In its last two quarterly reports, Delta Associates has found that the D.C. Metro area has posted new records for Class-A apartment absorption during the prior 12-month periods. In the 12 months ending Sept. 30, 7,055 more units were leased than were vacated, a 201% increase from the prior year, according to Delta Associates. 

"There is some pent-up demand for housing, whereas in 2020 there was not much leasing activity occurring, not just in the city, but in other parts of the region," Rich said. "A lot of that lack of leasing activity is catching up in 2021."

The Avec building on H Street NE, a new mixed-use development from Rappaport and WC Smith.

Experts predict this strong demand will translate into more rent increases next year, especially once landlords can hike rents on lease renewals. The potential for rent increases could be exacerbated by a slowdown in new supply, with Delta Associates finding that the District's 36-month construction pipeline is 15% lower than it was a year ago. 

"Given the development pipeline and the level of anticipated demand for Class-A apartments, we expect rent growth will moderate back to a more normal level of 3% to 4% per year over next three-year period," Rich said. "We were starting to see rents increase close to that level prior to [the] pandemic, and so we’re expecting that trend to resume once all of the fluctuations in market sort themselves out."

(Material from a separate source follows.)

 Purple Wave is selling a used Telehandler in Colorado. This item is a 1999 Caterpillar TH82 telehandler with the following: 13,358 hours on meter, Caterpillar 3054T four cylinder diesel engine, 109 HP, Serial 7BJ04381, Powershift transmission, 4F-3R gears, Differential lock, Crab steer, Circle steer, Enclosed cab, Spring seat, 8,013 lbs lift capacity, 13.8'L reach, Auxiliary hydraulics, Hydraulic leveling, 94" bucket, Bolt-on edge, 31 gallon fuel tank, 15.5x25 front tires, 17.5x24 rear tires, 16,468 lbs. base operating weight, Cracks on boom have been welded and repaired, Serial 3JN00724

Branchaud said that WC Smith has seen growing leasing demand since the start of the summer, especially at its new buildings. She said the 419-unit Avec building on H Street reached a pace of 23 leases per month, and the Garrett building in Capitol Riverfront signed 29 leases per month. 

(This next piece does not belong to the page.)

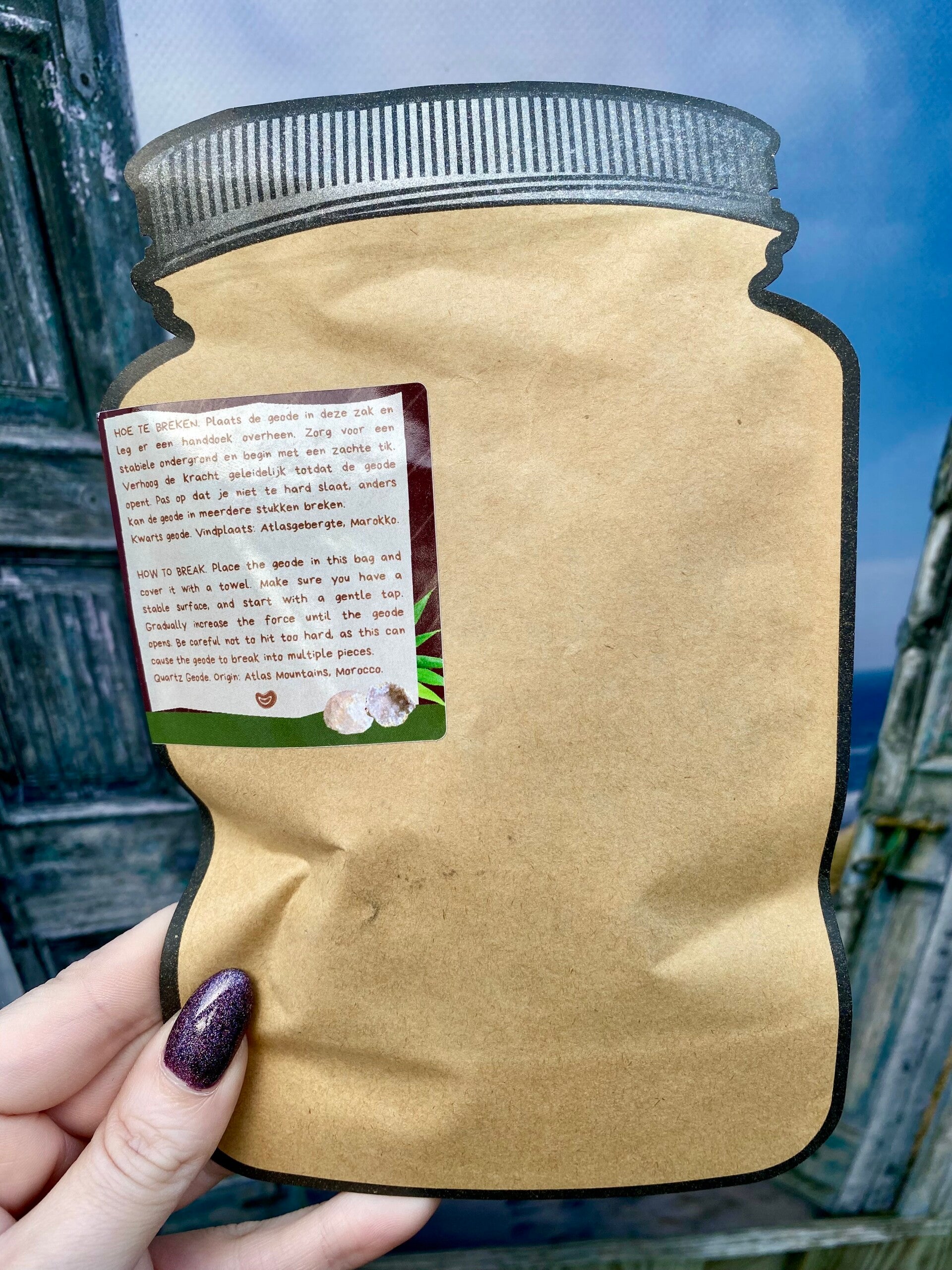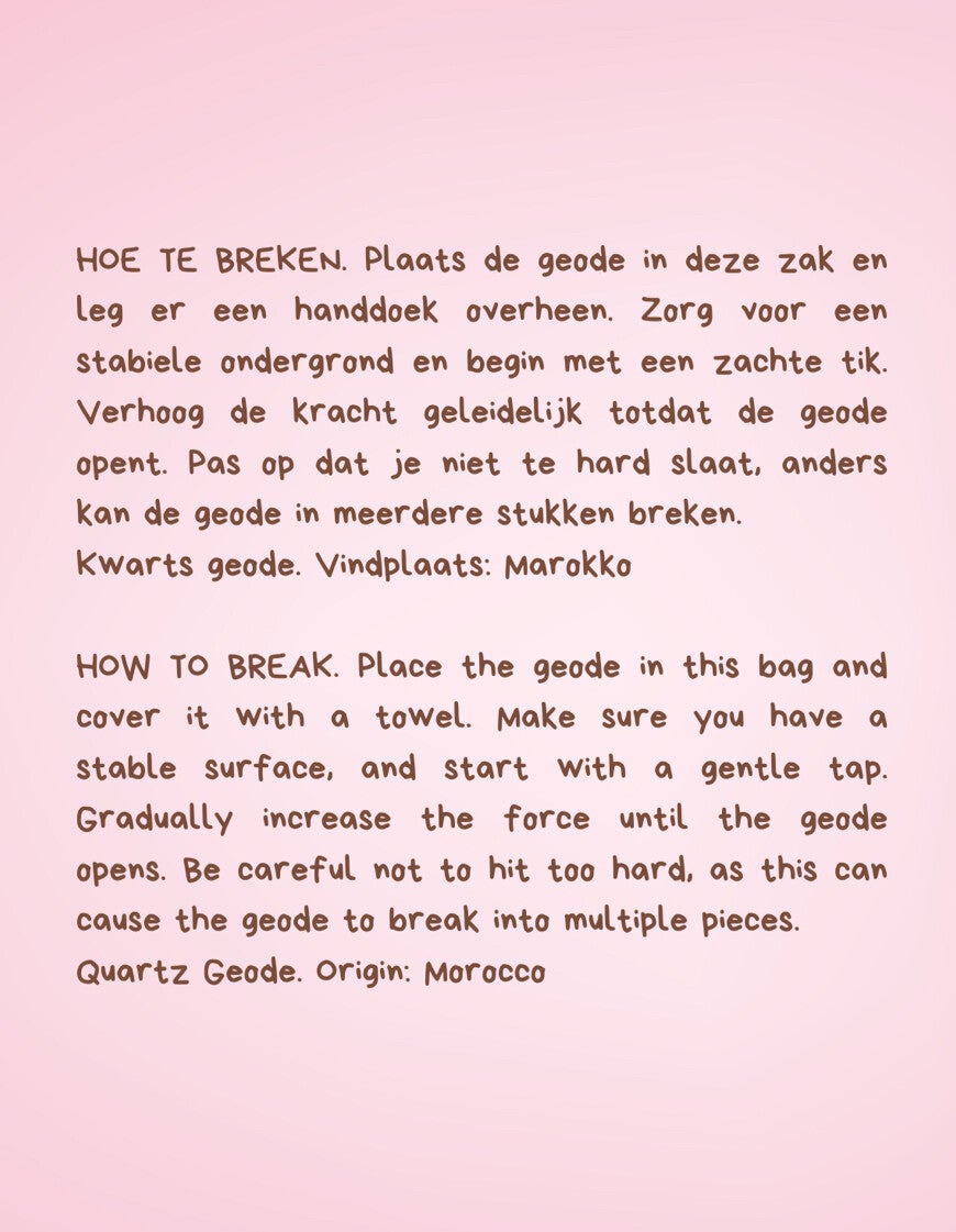 Leuk cadeautje voor jezelf of om weg te geven : kraak je eigen geode. Altijd al eens je eigen geode willen kraken? Dat kan nu. Er zit een Marokkaanse geode in.

Because these buildings didn't have prior tenants and aren't subject to the rent freeze, she said they have been able to achieve higher rents as the market has improved compared to the rents they were able to charge earlier this year. 

"We’re certainly seeing with our new units at Garrett and Avec, we have been able to see rents return in a healthy way," Branchaud said. "For a new unit where we were having to take discounts, we were able to get back to where we had hoped to be this summer."

Hunter said he expects small landlords will begin to raise rents as soon as they are clear that the law allows them to do so. 

"When individuals are again allowed to exercise their right to increase the rent in response to market demand, yeah, we’re going to see increases," Hunter said. "People haven’t been legally allowed to raise the rent for 18 months."

AOBA's Peter said many landlords have been waiting until after the end of this year to raise rents. 

"I think they’re all looking toward that Dec. 31 date," Peter said. "I don't expect to see any out of the line increases. I think they’re going to be pretty slow. It’s going to take them a while to get things back on track."

CORRECTION, OCT. 28, 5 P.M. ET: A previous version of this story incorrectly stated that Richard Lake is the chair of WDCEP. He previously served as chair but stepped down in January after nearly a decade.

UPDATE, OCT. 29, 10 A.M. ET: This story has been updated to include an additional provision of the emergency rent freeze law. 

UPDATE, Nov. 1, 9:30 A.M. ET: This story has been updated with a new statement from the Office of the Attorney General revising its interpretation of the rent freeze law.